DIRECTIONS FOR THIS TASK
Once the line containing "31 maja 2022" is reached, copy it and every line after it exactly, to the end of the material, without pictures.

GIVEN DATA
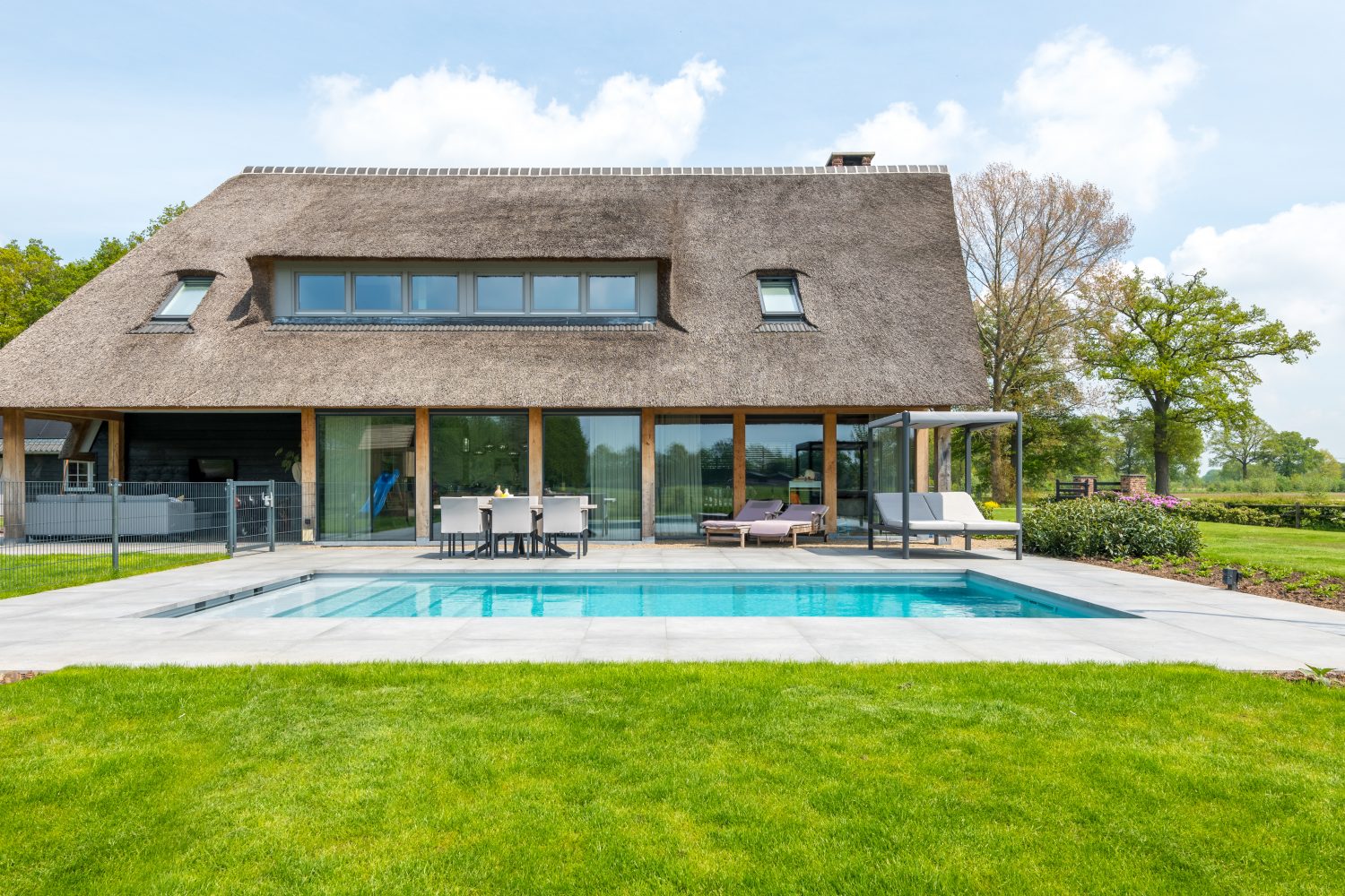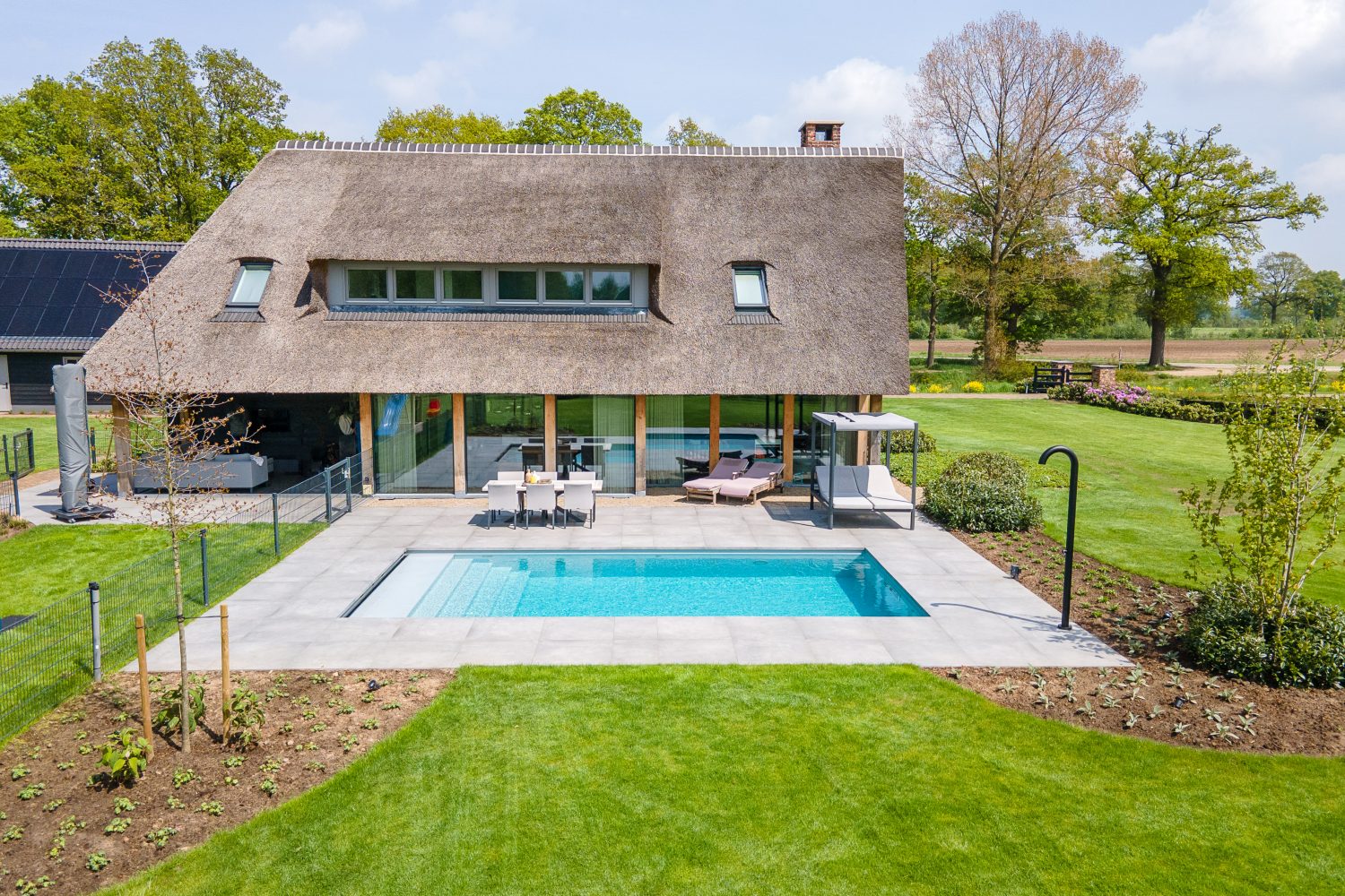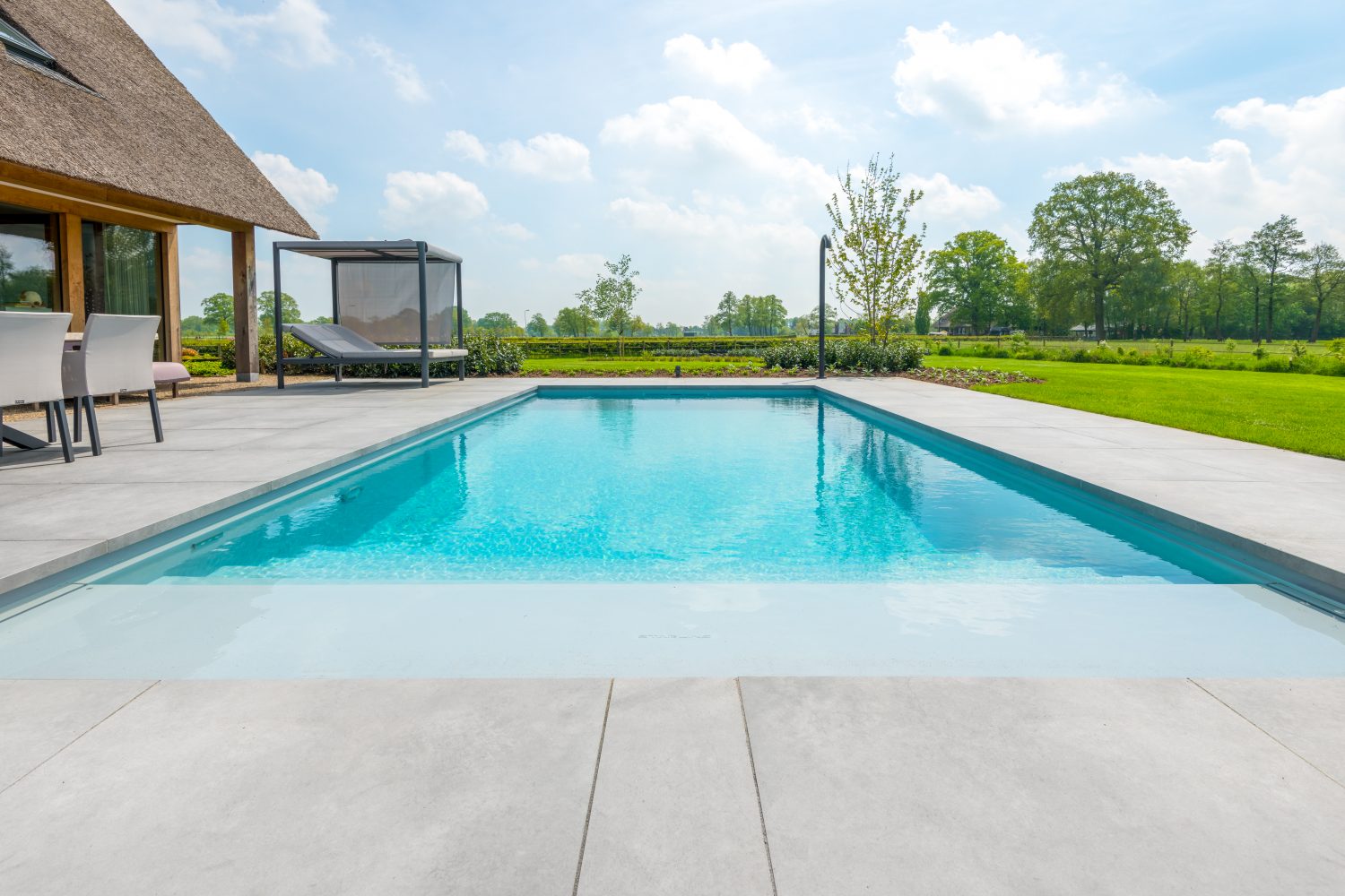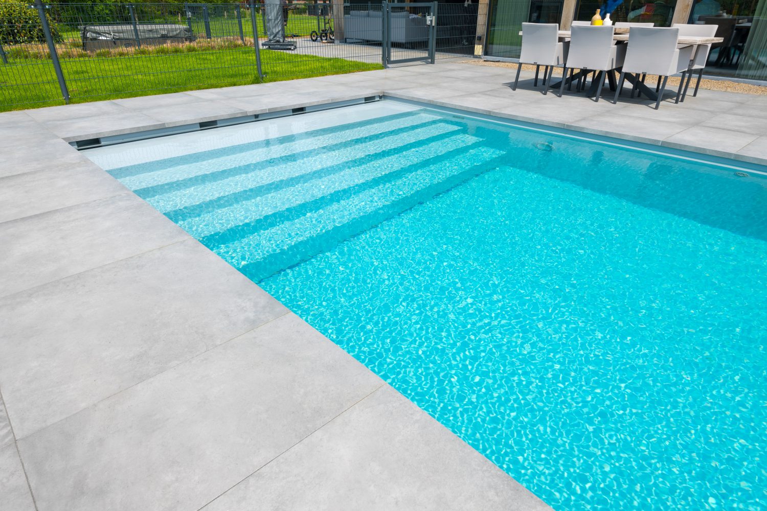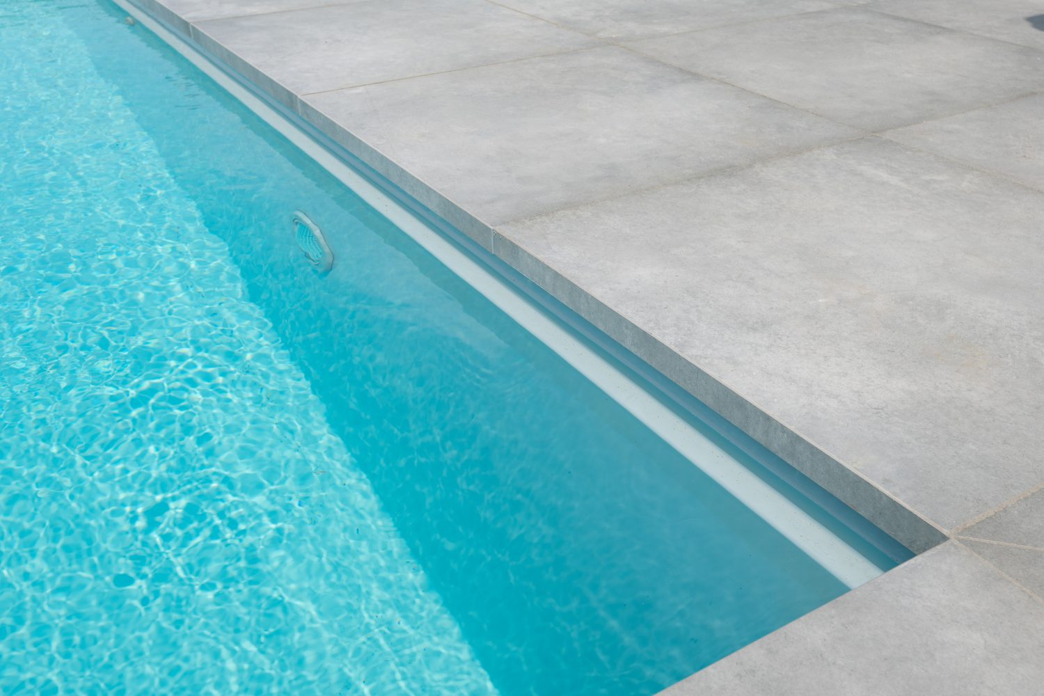 De zwembadtegels en -randen van het project Zwembad Bathmen zijn door ons verzorgd. De betonlook buitentegels bij dit project hebben een formaat van 90x90x2 cm. Van deze tegels hebben wij voor de klant ook de zwembadranden op maat gemaakt, die in hetzelfde formaat als de tegels zijn gebleven waardoor er vrijwel geen verschil tussen randen en tegels te zien is. De keramische betonlook tegels geven een robuuste uitstraling aan dit zwembad.
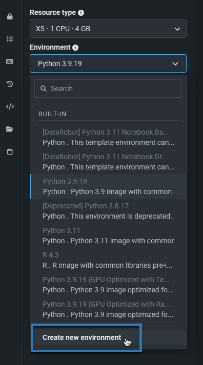 ) in the notebook sidebar and expand the Environment field dropdown. Scroll to the bottom of the list and select Create new environment. This brings you to the Environments page in the Registry.
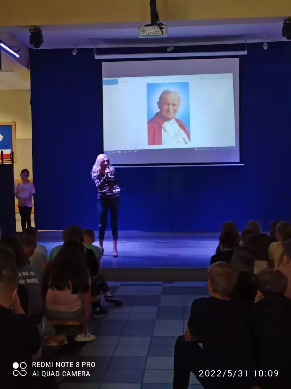 31 maja 2022 r. kolejny już raz obchodziliśmy nasze święto – święto społeczności szkolnej. Dla nas jest to dzień szczególny – to pamięć, oddanie i zjednoczenie z Patronem Szkoły, którym jest św. Jan Paweł II. Z tej okazji uczniowie na apelu przybliżyli postać Karola Wojtyły - Jana Pawła II oraz zostały przygotowane "Wadowickie Kremówki".
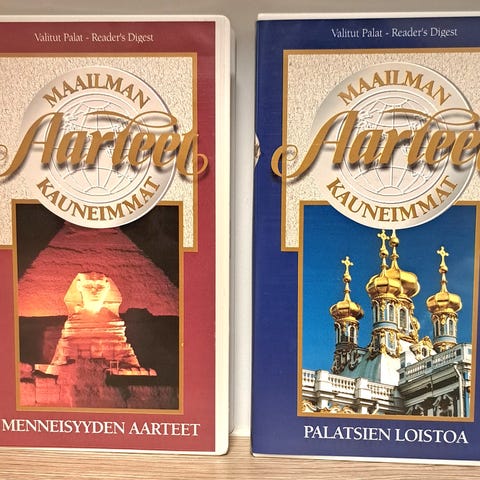 Valittujen Palojen Maailman kauneimmat aarteet-sarjan Menneisyyden aarteet, Palatsien loistoa ja Häikäisevä luonto v 1996. Lukijoina Tapani Perttu/Titta Jokinen, kasettien kesto 60 min/kpl.Palatsien loistoa ja Häikäisevä luonto-kasetit vielä suojamuoveissa, Menneisyyden aarteet-kasettia katsottu vähän alusta. Hinta 4e/kpl ja postitus

ANSWER BOX
 31 maja 2022 r. kolejny już raz obchodziliśmy nasze święto – święto społeczności szkolnej. Dla nas jest to dzień szczególny – to pamięć, oddanie i zjednoczenie z Patronem Szkoły, którym jest św. Jan Paweł II. Z tej okazji uczniowie na apelu przybliżyli postać Karola Wojtyły - Jana Pawła II oraz zostały przygotowane "Wadowickie Kremówki".
 Valittujen Palojen Maailman kauneimmat aarteet-sarjan Menneisyyden aarteet, Palatsien loistoa ja Häikäisevä luonto v 1996. Lukijoina Tapani Perttu/Titta Jokinen, kasettien kesto 60 min/kpl.Palatsien loistoa ja Häikäisevä luonto-kasetit vielä suojamuoveissa, Menneisyyden aarteet-kasettia katsottu vähän alusta. Hinta 4e/kpl ja postitus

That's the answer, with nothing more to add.